中国组织工程研究杂志出版内容重点：肾移植；肝移植；移植；心脏移植；组织移植；皮肤移植；皮瓣移植；血管移植；器官移植；组织工程

Key words: Tissue Engineering, Model, Animal, Pain, Sciatic Nerve

中图分类号:

R318

黄异飞，胡炜，李磊，刘岩路. 新疆阿魏干预神经源性疼痛模型大鼠痛阈及脊髓Fos蛋白和星形胶质细胞的表达[J]. 中国组织工程研究, 2015, 19(40): 6485-6491.

Huang Yi-fei, Hu Wei, Li Lei, Liu Yan-lu. Effect of Ferula sinkiangensis K.M. Shen on pain threshold and Fos protein expression and astrocyte activation in the spinal cord of neuropathic pain rats[J]. Chinese Journal of Tissue Engineering Research, 2015, 19(40): 6485-6491.

图/表（结果） 3

The number of animals and process of modeling

Eighty rats were included in the final analysis without any loss.

Effects of Ferula sinkiangensis K.M. Shen on behavioral pain scores

Spontaneous pain scores were significantly higher in all groups at 1, 2, 3, 5, 7 and 14 days after CCI compared to those before CCI, with the highest scores observed at 7 days after injury (P < 0.01). Scores were significantly lower in the CCI+A2, CCI+A3 and CCI+S groups compared to the CCI+NS group at 2, 3, 5 and 7 days following drug administration (P < 0.05), suggesting that Ferula sinkiangensis K.M. Shen acts as an analgesic. Pain scores were significantly higher in the CCI+A1 and CCI+A2 groups compared to the CCI+S group at 3, 5, 7 and 14 days after drug administration (P < 0.01), indicating less analgesic efficacy compared to the COX-2 inhibitor celecoxib. In addition, higher scores were observed in the CCI+A3 group compared to the CCI+S group at 5, 7 and 14 days after drug administration (P < 0.05; Table 1). TWL changes

There were no significant differences in TWL among groups before CCI (P=0.148). After injury, however, all groups exhibited a decrease in TWL which was apparent at 1 day before treatment (P=0.033 compared to pre-CCI). The largest reduction after CCI was measured in the CCI+ NS group. In this group, TWL was slowly increased at the beginning at about 5 days before treatment. In the three Ferula sinkiangensis K.M. Shen groups, however, TWLs were significantly higher than those in the CCI+NS group at days 1 and 5 before treatment (P=0.008), and significantly higher in the CCI+A2 group compared to the CCI+NS group at each time point (P=0.034). The TWLs were significantly lower in the CCI+A1 and CCI+A3 groups compared to CCI+A2 at 2, 5 and 14 days before treatment (P=0.033), suggesting that the moderate dose provided optimal thermal analgesia. Although TWLs did not recover to the values before treatment in any group at 14 days before treatment. TWLs in the CCI+A1 and CCI+A2 groups were still significantly higher than that in the CCI+NS group (P=0.001; Table 2).

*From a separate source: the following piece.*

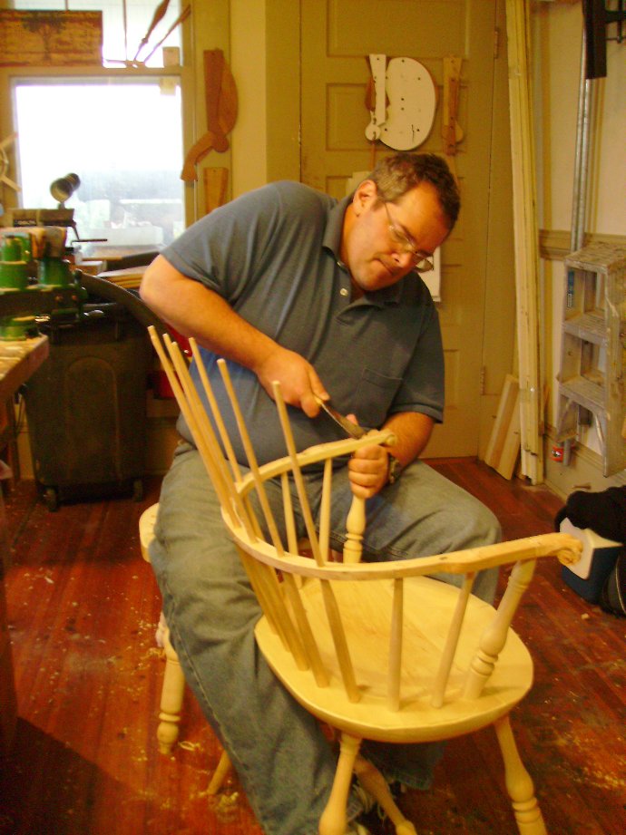 I donned my winter gear, hefted my pack, and trekked northward to Capeville, stopping at a lovely seafood restaurant called Stingrays. I'd walked 5.7 miles and it seemed like a good spot to recharge my batteries. After chowing down on a catfish sandwich, I turned around to walk the 5.7 miles back to my car. But I didn't get too far before stopping. Less than a half-mile from Stingray's, I stopped in at a place called the Windsor House. I'd seen the place when I passed before and made note that in addition to selling local art, antiques, and furniture, they crafted handmade Windsor chairs in a workshop on the premises. Pretty interesting, if you asked me. Pretty interesting even if you didn't ask. But what I hadn't noticed on the first half of my walk was a smaller sign planted in their yard stating that they offered chair-building classes. Now that was VERY interesting. No way I could pass that up.

WMT changes There was no significant difference in WMT among the five groups before CCI (P=0.752). The largest reduction of WMT after treatment was observed in the CCI+NS group, with the most significant reduction at 1 day (P=0.03). The WMT reached a minimal value at 5 day before treatment, and then gradually recovered. There was no significant difference in the WMT between the CCI+A1 group and the CCI+NS group(P=0.107). However, significantly higher WMTs were measured in the CCI+A2 group compared to the CCI+NS group at 2, 5, 7 and 14 days before treatment (P=0.000). The WMTs in the CCI+A3 group were also ignificantly higher than those in the CCI+NS group at 1, 2, 3, 5, 7 and 14 days after CCI (P=0.000) and significantly higher than those in the CCI+A1 group at 1, 2, 3, 5, 7 and 14 days after CCI (P=0.000). Furthermore, WMTs were significantly higher in the CCI+A3 group compared to the CCI+A2 group at 3 and 5 days after treatment (P=0.003), suggesting that high dose Ferula sinkiangensis K.M. Shen provided moderately superior mechanical analgesia. All WMTs recovered to the pre-treatment values in the three Ferula sinkiangensis K.M. Shen groups at 14 days after CCI (Table 3).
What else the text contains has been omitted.